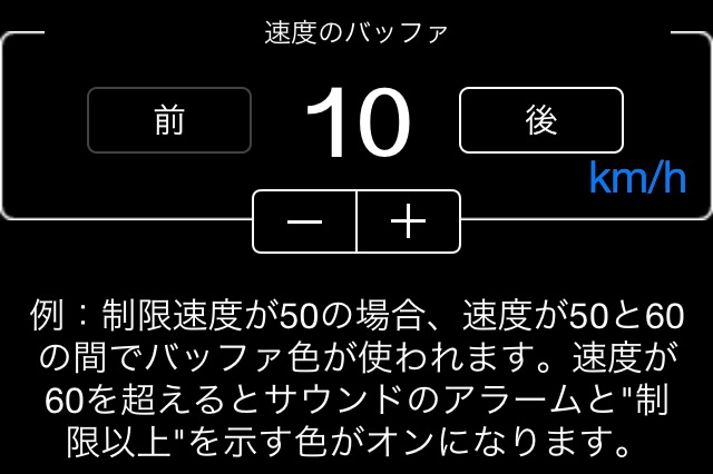 ドキュメンテーションスピードメータースピードの許容範囲スピードの許容範囲制限速度値を25km/hに設定して30km/hになった時にアラートが欲しいといったようなリクエストがよくあります。この機能が実現しました! 「詳細設定」>「スピード色&バッファー」で設定できます。mphやkm/h(およびノット)の値にパーセント値をバッファ値として追加適用してください。青色のmphまたはkm/hをタップすれば%に切り替わります。
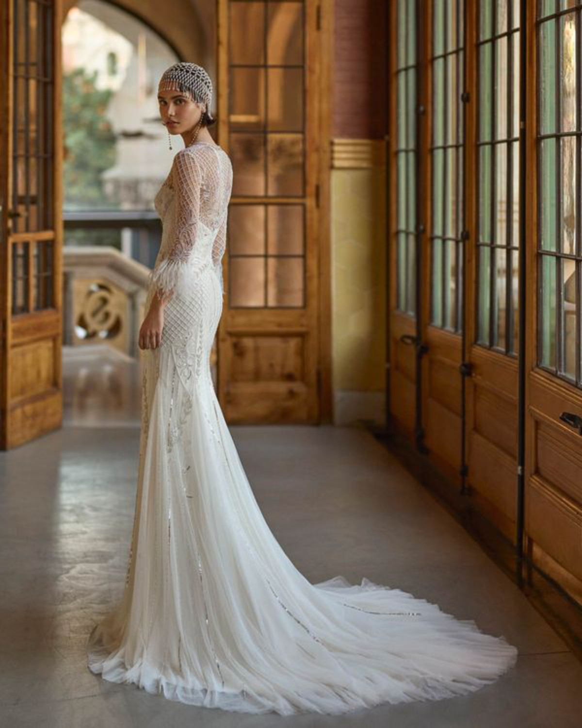 🌸 Abiti a sirena girocollo, con scollo all’americana, con scollo a V: tutti danno alle spose un look fresco e moderno, riflettendo il caratteristico romanticismo di Rosa Clará.
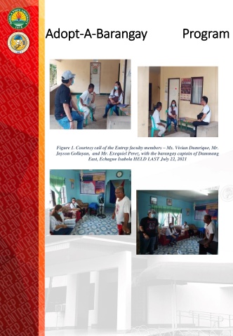 Adopt-A-Barangay Program Figure 1. Courtesy call of the Entrep faculty members – Ms. Vivian Dumrique, Mr. Jayson Gollayan, and Mr. Exequiel Perez, with the barangay captain of Dammang East, Echague Isabela HELD LAST July 22, 2021
☆ ☆ ☆ ☆
## WHAT TO PRODUCE:
Pictures stay out; all other material above is restated word for word.

## TASK SOLUTION:
 ドキュメンテーションスピードメータースピードの許容範囲スピードの許容範囲制限速度値を25km/hに設定して30km/hになった時にアラートが欲しいといったようなリクエストがよくあります。この機能が実現しました! 「詳細設定」>「スピード色&バッファー」で設定できます。mphやkm/h(およびノット)の値にパーセント値をバッファ値として追加適用してください。青色のmphまたはkm/hをタップすれば%に切り替わります。
 🌸 Abiti a sirena girocollo, con scollo all’americana, con scollo a V: tutti danno alle spose un look fresco e moderno, riflettendo il caratteristico romanticismo di Rosa Clará.
 Adopt-A-Barangay Program Figure 1. Courtesy call of the Entrep faculty members – Ms. Vivian Dumrique, Mr. Jayson Gollayan, and Mr. Exequiel Perez, with the barangay captain of Dammang East, Echague Isabela HELD LAST July 22, 2021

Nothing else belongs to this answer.